> EXERCISE AIM
Do not copy the pictures. Write out the lines from the start of the entries through the line containing "Дошка перфорована комбінована".

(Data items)
----

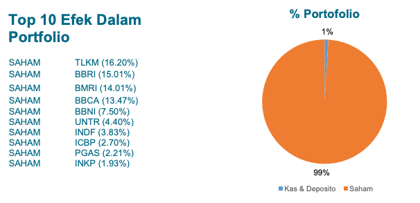 Kemudian, per 30 April 2025, mereka memiliki komposisi portofolio investasi sebesar 98,03% dalam saham dan 1,97% pada Kas.
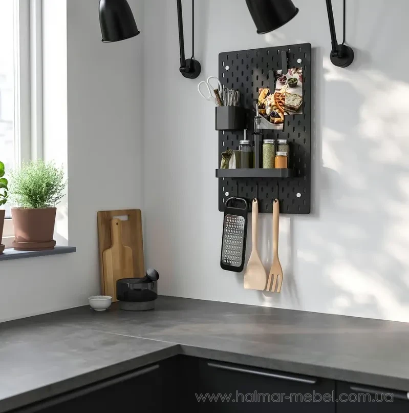 Дошка перфорована комбінована SKÅDIS IKEA 36х56 чорний (або пегборд) – популярний елемент організації простору завдяки своїй універсальності, здатності заощаджувати місце та можливості адаптації до різних потреб. Сталева конструкція є дошкою з рядами отворів, на які можна кріпити різні предмети, використовуючи спеціальні гачки або кілочки. Перфоровані дошки активно використовуються у майстернях, кухнях, офісах та дитячих кімнатах.
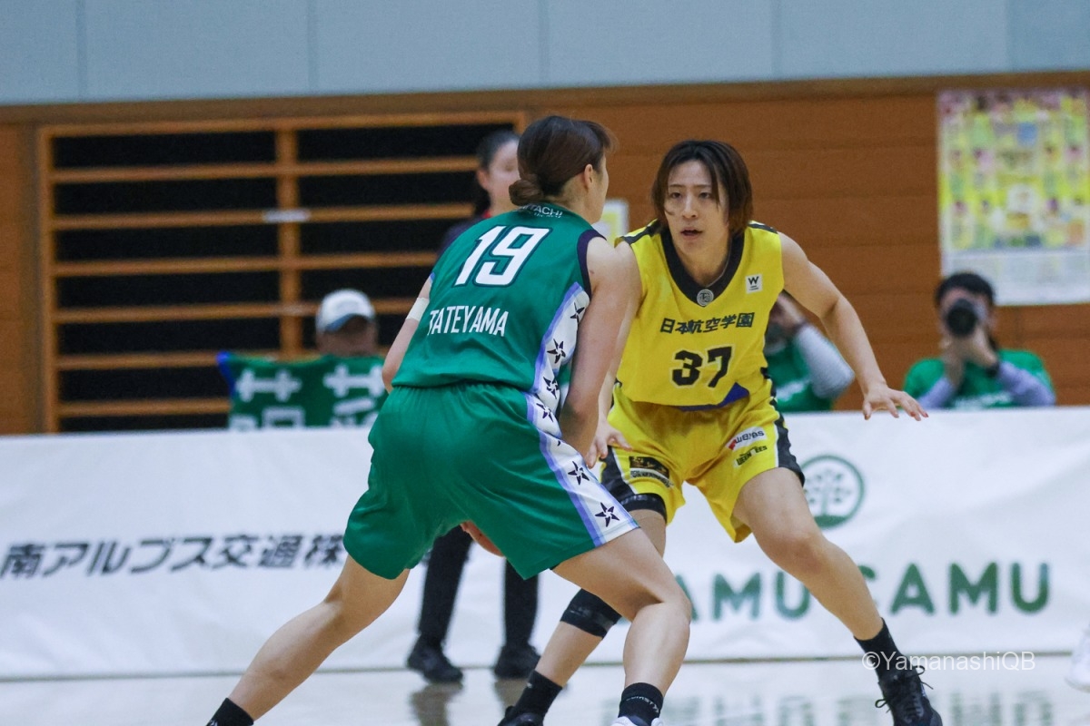 第2クォーター、坂田侑紀奈、出原菜月が積極的にシュートを放つも決め切れず、流れを引き寄せられない時間帯が続く。
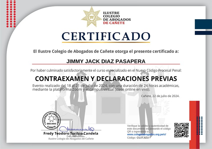 De parte del Ilustre Colegio de Abogados de Cañete te felicitamos por tu esfuerzo. ¡Sigue aprendiendo todos los días!
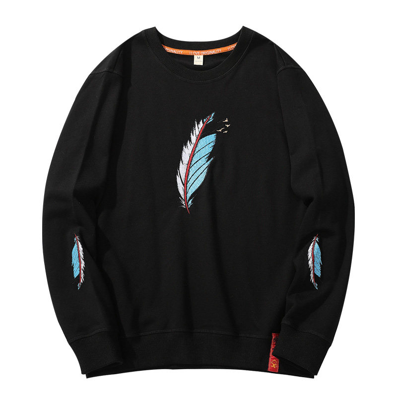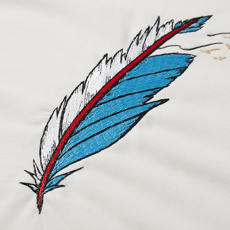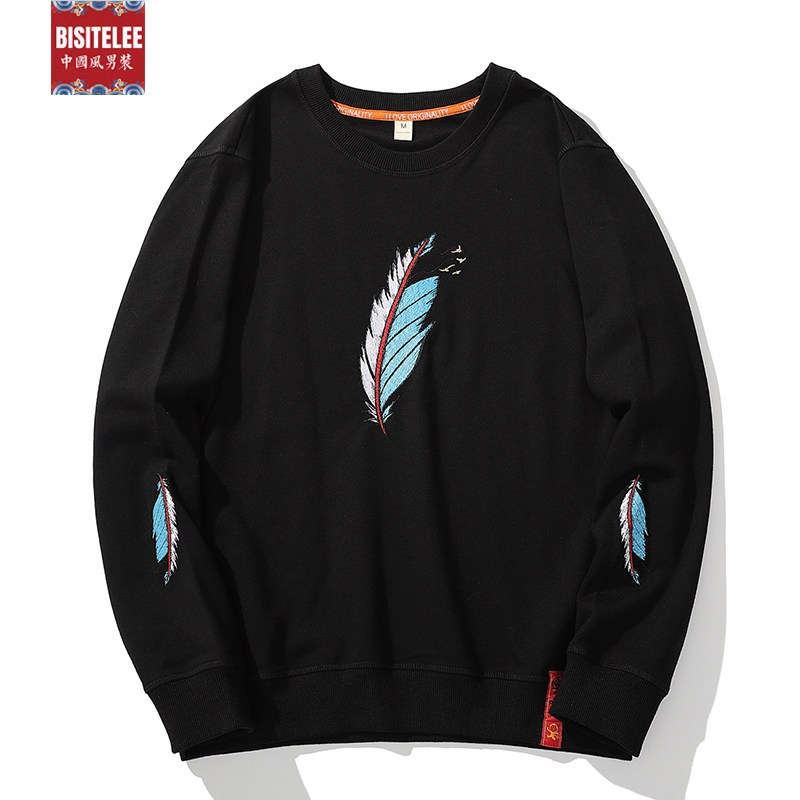 Large size code men's clothing fats plus fattening up feather embroidery long sleeves thick cotton T men's spring autumn season thin clothes jacket country tide
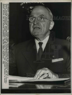 President Harry Truman as he appeared before a Senate Foreign Relations Subcommittee on revising the UN charter.
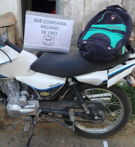 Dos sujetos identificados como David "Tucumano" Reyes (20) y Elías Cuello (18) fueron perseguidos y capturados por policías de Médano de Oro, en Rawson, cuando cayeron de la moto Motomel 125cc en la que huían con la mochila que le habían robado a punta de cuchillo a una estudiante, informó la Policía.
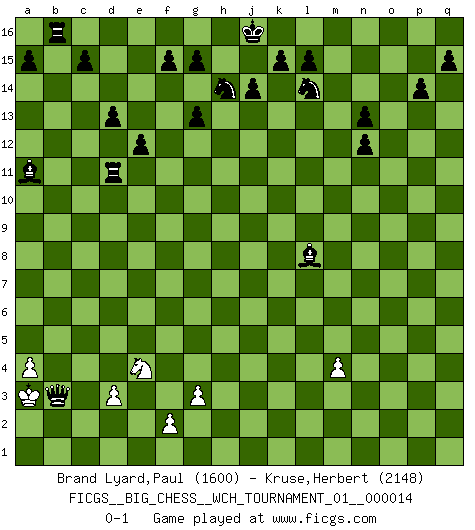 Last move : 0-1 2021 July 24 22:35:1 [Event "FICGS__BIG_CHESS__WCH_TOURNAMENT_01__000014"] [Site "FICGS"] [Date "2021.07.18"] [Round "1"] [White "Brand Lyard,Paul"] [Black "Kruse,Herbert"] [Result "0-1"] [WhiteElo "1600"] [BlackElo "2148"] 1.j2-k4 m15-m13 2.h1-o7 h15-g13 3.o7-o15 p16-o14 4.d2-d3 j15-k13 5.c1-o12 k13-m14 6.o12-m14 m16-m14 7.m2-m4 l16-n14 8.o15-n14 m14-n14 9.l1-p5 h16-o10 10.g2-g3 e15-e13 11.p5-g13 h14-g13 12.o2-o3 f16-b12 13.n2-n4 n14-l14 14.l2-l3 n15-n13 15.o1-d11 e13-e12 16.d11-c12 g16-h14 17.h3-h4 o10-c10 18.c12-f9 c10-m1 19.f9-l14 k16-l14 20.f1-n8 d15-d13 21.g1-h3 m1-o1 22.p2-p4 o1-p2 23.p1-n2 p2-q1 24.j1-j2 q1-o3 25.n2-l1 o3-n4 26.n8-m7 c16-m7 27.j3-j4 o16-f8 28.b1-c3 o14-n12 29.l1-k3 n4-p4 30.k1-m2 p4-n6 31.e1-p1 p15-p14 32.p1-p12 q16-o16 33.p12-n12 m13-n12 34.a1-p1 o16-o2 35.p1-p9 o2-m2 36.j2-j3 m2-q2 37.h3-g5 n6-n7 38.p9-b9 f8-k4 39.l3-k4 n7-k4 40.j3-h3 q2-k2 41.h3-g4 m7-l8 42.h4-h5 b12-a11 43.c3-e4 k2-h2 44.k3-h2 k4-h2 45.b9-b15 h2-j2 46.g5-h3 j2-j4 47.g4-f3 j4-h3 48.b15-b16 a16-b16 49.b2-b3 h3-h5 50.f3-e3 h5-e2 51.e3-d4 b16-b11 52.a2-a4 b11-d11 53.d4-c4 e2-c2 54.c4-b4 e16-b16 55.b4-a3 c2-b3 0-1 Follow this game move after move (download)Every Chess master was once a beginner. (Chernev) Mein erstes Ziel war nicht, die Partie zu gewinnen, sondern eine Figur zu opfern. -- der junge (Wilhelm Steinitz) Fischer era un maestro de claridad y un Rey del posicionamiento astuto. Sus oponentes podían ver hacia donde se dirigía pero eran impotentes para detenerlo. (Bruce Pandolfini) Le thème de l'attaque double intervient d'une manière ou d'une autre dans l'immense majorité des combinaisons. (Youri Averbakh) The hypothalamus is one of the most important parts of the brain, involved in many kinds of motivation, among other functions. The hypothalamus controls the 'Four Fs: Fighting, Fleeing, Feeding and Mating. (Unknown author)

----

> RESULT OF THIS TASK
 Kemudian, per 30 April 2025, mereka memiliki komposisi portofolio investasi sebesar 98,03% dalam saham dan 1,97% pada Kas.
 Дошка перфорована комбінована SKÅDIS IKEA 36х56 чорний (або пегборд) – популярний елемент організації простору завдяки своїй універсальності, здатності заощаджувати місце та можливості адаптації до різних потреб. Сталева конструкція є дошкою з рядами отворів, на які можна кріпити різні предмети, використовуючи спеціальні гачки або кілочки. Перфоровані дошки активно використовуються у майстернях, кухнях, офісах та дитячих кімнатах.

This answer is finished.